A dimension is simply a rule that combines a set of special expressions (e.g. Value, MatchedValue, and FunctionValue). These expressions define a regular expression with a corresponding value.

A dimension consists of two main steps:

  1. The Expression.parse() function of the rule is called on the input text. It returns a list of ExpressionResult instances.

  2. Each body of the ExpressionResult is fully matched against all of the special expressions of that rule.

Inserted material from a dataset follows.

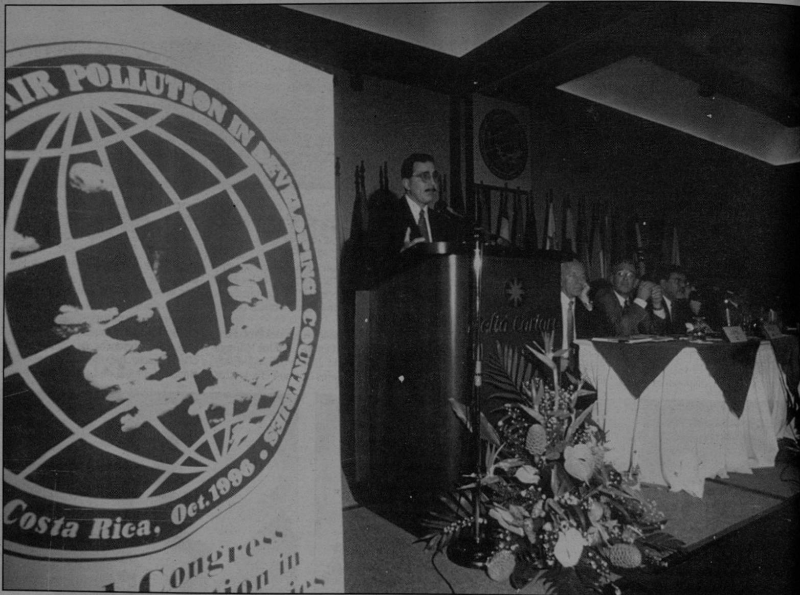
El Ministro René Castro en el acto inaugural de la conferencia sobre la contaminación del aire.

Once a match is found, the corresponding value is evaluated and returned.

Simple rule#

Let us start by creating a rule to extract number of books from text.

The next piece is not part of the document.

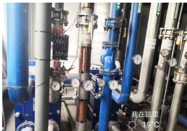
Vulcan S100 安装在回温机前面
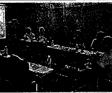
先進事例を基に、議論する市民ホール建設検討委員会メンバー

3回目の会合は7月31日に同市役所で開催。北大大学院工学研究院が、茅野市民館(長野県茅野市)とアオーレ長岡(新潟県長岡市)の二つの複合施設の事例報告をした。 茅野市民館は図書館、美術館、劇場の複合施設。図書館機能がなくなり、目的がなくても立ち寄れる空間が特長で、同研究所の研究員は「構想や計画の策定段階から時間をかけ、市民と行政の信頼関係が

>>> # Import the numeral rule.
>>> from maha.parsers.rules import RULE_NUMERAL
>>> # Import a helper function
>>> from maha.parsers.rules import spaced_patterns
>>> # Import the numeral parse function
>>> from maha.parsers.rules.numeral.rule import parse_numeral
>>> # Import the special expression, function value
>>> from maha.parsers.templates import FunctionValue
>>> # Define the rule, which is simply a number followed by a space and the word "كتاب".
>>> RULE_BOOK_NUMBER = FunctionValue(
...     parse_numeral, spaced_patterns(RULE_NUMERAL, "كتاب"), pickle=False
... )
>>> # Use the rule to parse the text.
>>> sample_text = "في المكتبة مئة كتاب"
>>> result = list(RULE_BOOK_NUMBER.parse(sample_text))[0]
>>> result.value
100
>>> sample_text[result.start : result.end]
'مئة كتاب'

The rule can be seen highlighted in the above code. The rule is an instance of FunctionValue that first finds any text that matches a numeral followed by the word “كتاب”, and then evaluates the numeral using the parse_numeral() function and returns the result.

Multi-value rule#

For more than one value, it is preferable to have all values defined in a file. To showcase an example, here are the values used to define the RULE_DURATION.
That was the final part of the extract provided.